As part of my spiritual path I meditate. When I meditate I "go" to a place called the Inner Temple where I meet with various gods and spirits, or sometimes just visit landscapes that fit in with the purpose of a particular meditation. Whether this Inner Temple is "real" in an objective sense, or just a part of my consciousness isn't important to me; whether the spirits are actually sentient entities or are a part of my mind and personality is also not important to me. This area of otherness is accessed through the roots of what some cultures call The World Tree. In a meditative or dreamlike state I descend through openings in the roots of this massive tree, down a flight of stone steps that open into a roughly circular room, also hewn from stone. A circular stone altar stands in the middle, with various tools that represent the elements of Earth, Air, Fire and Water. Around the circumference of the room are doorways that lead to other areas of the underworld that I utilize in these meditations and shamanic journeyings.
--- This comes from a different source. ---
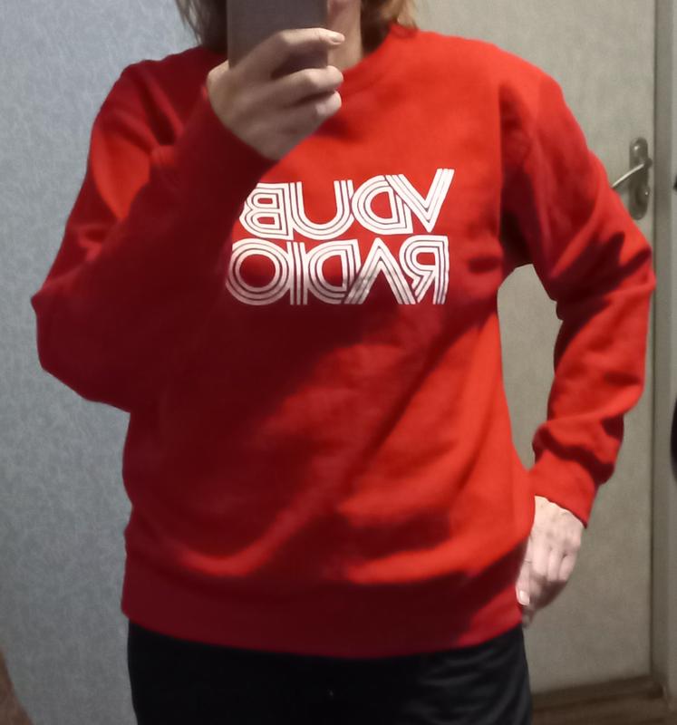 Красный свитшот. Размер М. Состав: 80% коттон, 20% полиэстер. Плотный трикотаж на флисе. Красивый насыщенный красный цвет. Надпись на груди VDUB RADIO. Свитшот будет хорошо смотреться на девушке и на парне, современная модель. Замеры: ширина в плечах-47 см, ширина в груди, талии -54 см, длина-66 см, длина рукава-61 см. На фото надето на размер М.

A few months ago I descended in meditation into my Inner Temple. As I reached the bottom step I heard a voice from one of the doorways on my right: "What are you doing here?". I was confused; entities that I had encountered, helpful or hindering, friendly or unfriendly, had always known who I was and what I was doing there. The voice repeated itself and in the shadows of the doorway I thought I could make out the figure of an old man. He stepped through the doorway and I saw my father as he appears in the picture above, how he looked in the last year of his life. I stammered a little and answered "What do you mean? This is my space, I'm always coming here! - What are you doing here?" He started to laugh, and as he did, he changed before my eyes into a younger version of himself - late teens or early twenties and said to me "I don't have time right now, I have things to do." He then (very athletically) sprang through the doorway, which before it closed I could see opened upon a scene of sunny summertime.
I know that most of my family pictures Dad "in Heaven", and surely that's where I'm sure he imagined he would be at life's end, with God and Jesus and Angels and what have you, looking down on us. Maybe. But what I have seen in a few visions since then is that when he went out through that door, he was having fun. That sunny summer scene that I glimpsed through the closing door held a baseball diamond, and a basketball court, and a hockey rink, all the sports that he loved to play and excelled at in his youth, and that he encouraged us kids to play (with varying degrees of success). For most of his life he took care of others and never turned down one of his family if we were in need. He had detailed plans to take care of Mom after he left this world, and even if we didn't need financial help, or specific advice, he was always there to support us. He wouldn't have had it any other way.
The visions that I have seen in meditation show me that he has been shown that he, to paraphrase the bible, has fought the good fight, finished the race and kept the faith and that he has attained the "crown of righteousness" and can now relax and let the seeds that he has planted and watered, come to fruition. His reward is that he gets to play, knowing that we will all be just fine.